Good flavour, I am quite surprised actually. Its about 70-80% as good as a well set up Dvarw or Skyline (for me). I have only tried one juice so this observation only applies to this juice but am very happy with the flavour from this atty
Consistent flavour and it wicks well. Loads of vapour. Performs well from the first drag and you can take long puffs (5-6 seconds) without any signs of a dry hit
Adjustable airflow - I have adjusted the slot to below half of its full width. About 3mm I would say. Restricted lung hit, but still more than enough airflow.
Airflow slot holds its position - it’s not loose, it keeps its position nicely.
Comfy drip tip - it’s not the best but it’s comfy and works well for this tank. Doesn’t get too hot. And I like it that it’s not too short. You can’t replace the drip tip. It’s one piece with the tank.
40 watts seems to be about the right power for me for this juice and airflow setting. It can go more but I like it here. Good battery life at this point too. My tanks had a resistance of 0.15 ohms.
Easy to fill - just remove the rubber grommet with your fingernail, fill and put it back. The first time took a bit of trial and error to get it out but once you’ve done it a few times it’s very easy
Easy to see juice level - I am using the clear tank
No leaks - this is important. The device was in my bag at VapeCon and was not always upright. No leaks whatsoever. Thank you iJoy!
Longevity - a bit harder for me to comment on properly but my current tank has done in excess of 15 tankful, so about 40-45ml of juice and it’s going strong. No flavour degradation that I can notice,
Price - it’s well priced. Around R150 for 3 atties. So about R50 each. That’s good value considering I have paid around R50 or even more for commercial coils before. This is an entire device. For the vape and the longevity I think it’s excellent value.

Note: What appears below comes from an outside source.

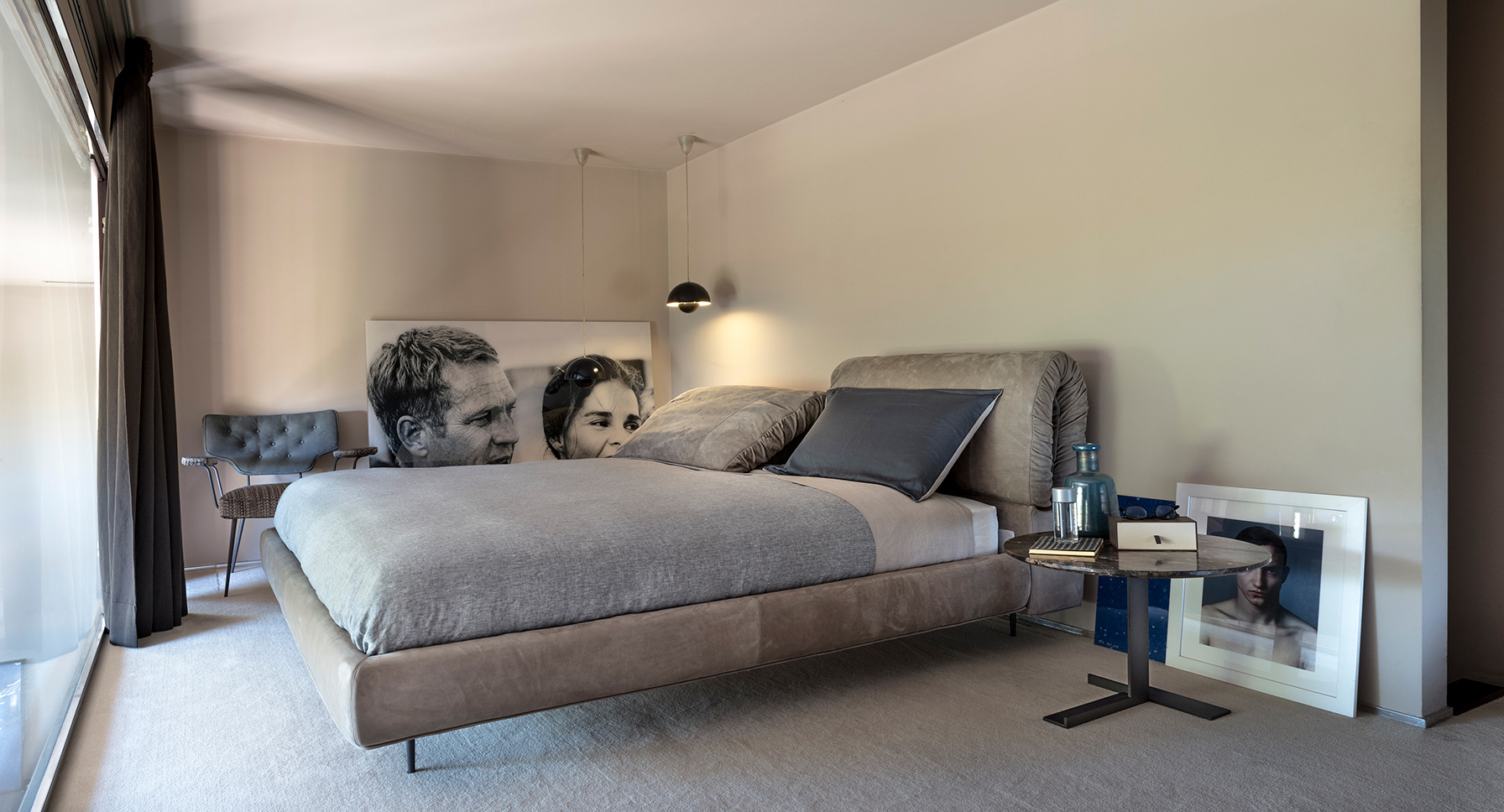 疯狂的梦幻床, 灵感来自于同一系列的沙发,它提供一个可调节的床头板,允许舒适和优雅的多功能性。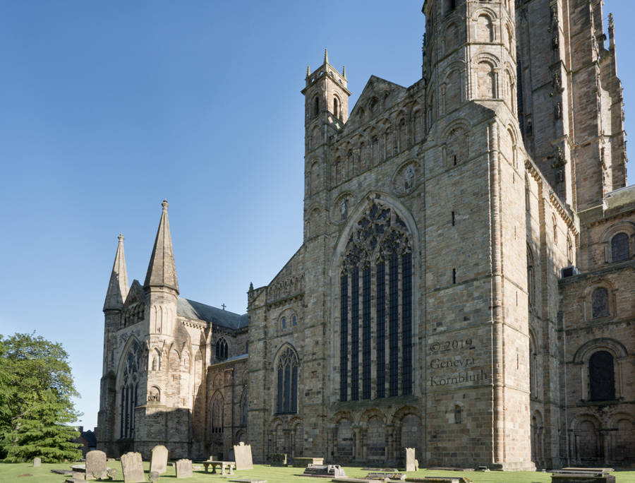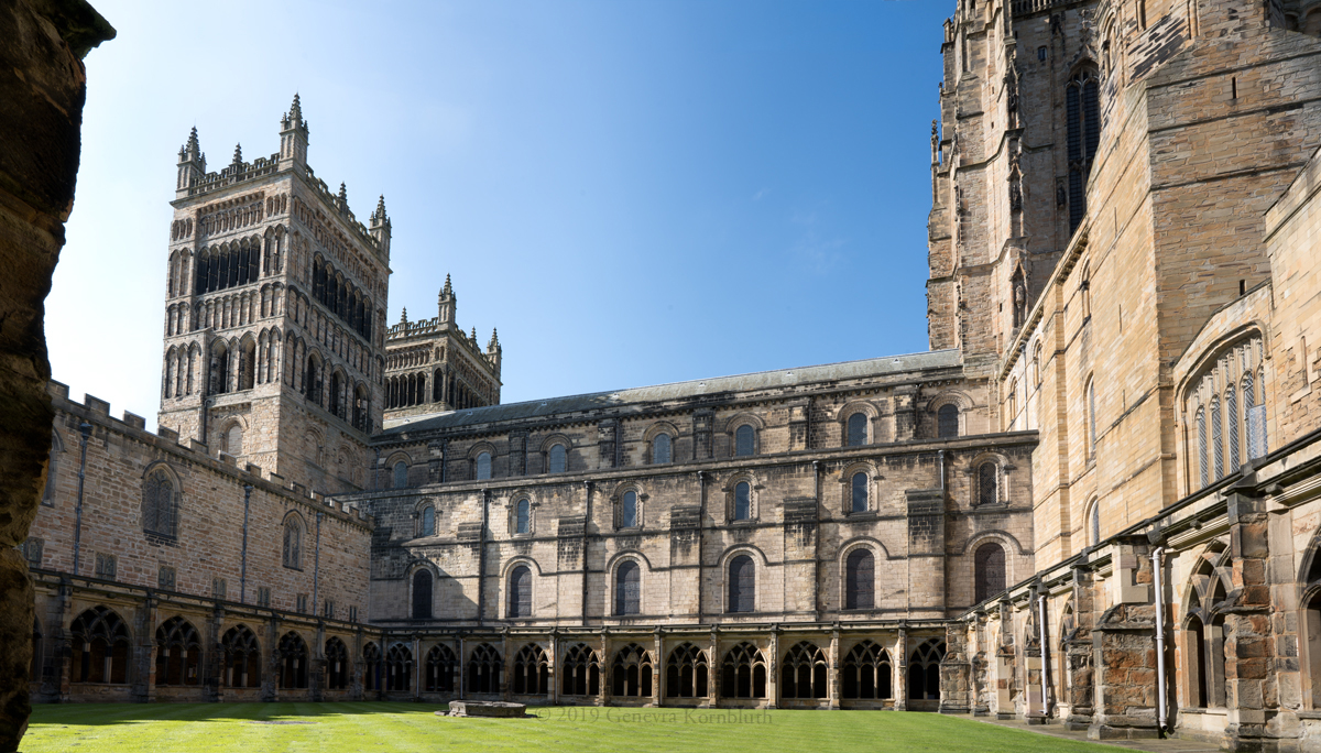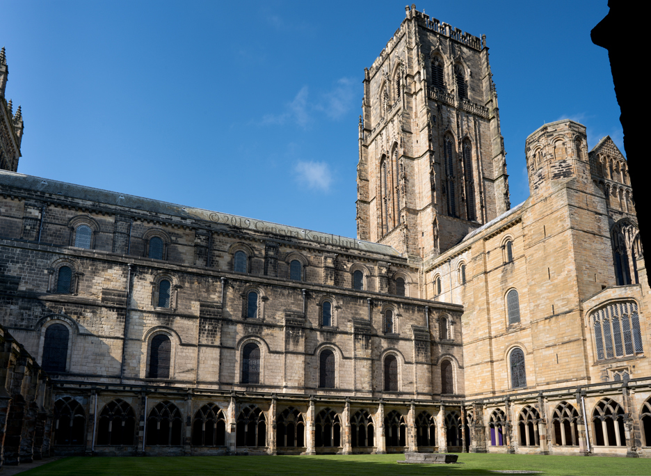 Historical Archive: Cathedral Church of Christ, Blessed Mary the Virgin and St Cuthbert of Durham Exterior and Cloister present building begun in 1093 under Bishop William of St Calais choir complete by 1104, nave 1100-1133 western Galilee Chapel (Lady Chapel) 1175-89 western towers around 1200, spires removed 1658, parapets and pinnacles 1801 eastern transept 1242-90, Richard of Farnham probably master mason central tower 1465-74, second storey around 1490, upper part refaced 1859 cloister current form late 15th c., tracery 1764-69, renovations 19th c. entire building: outer 2 to 4 inches of weathered exterior stone removed after 1777 |

So what are the negatives?

Not much really, but let me nitpick
The flavour definitely improves after a few tankfuls - I assume it takes time for the coil to settle. The first tankful or two are not as good as after it settles. Nothing wrong, just not full and rich in the beginning.
Some may find removing the rubber grommet a bit fiddly. I lost one and thankfully they give you extra ones in the 3 pack package. I then found it the next night. Lol.
Airflow control not that intuitive to adjust. You don’t know whether you must grip the bottom or the tank itself, but it’s easy to use after you’ve done it.
Perhaps the only major negative for me is the rate at which this tank consumes juice. It’s a guzzler. Probably has to do with why the flavour is good. They say it’s 3ml capacity. But that 3ml goes in a flash. You can easily find yourself refilling this a few times a day if you are using it exclusively. I wish the capacity was more, say 5ml. Then it would be perfect. While it’s easy to fill, it’s still a little bit of a schlepp taking off the grommet and filling every so often. Just to illustrate this point, I refilled it this morning and have taken a few toots on it here and there. It’s already at about half full!!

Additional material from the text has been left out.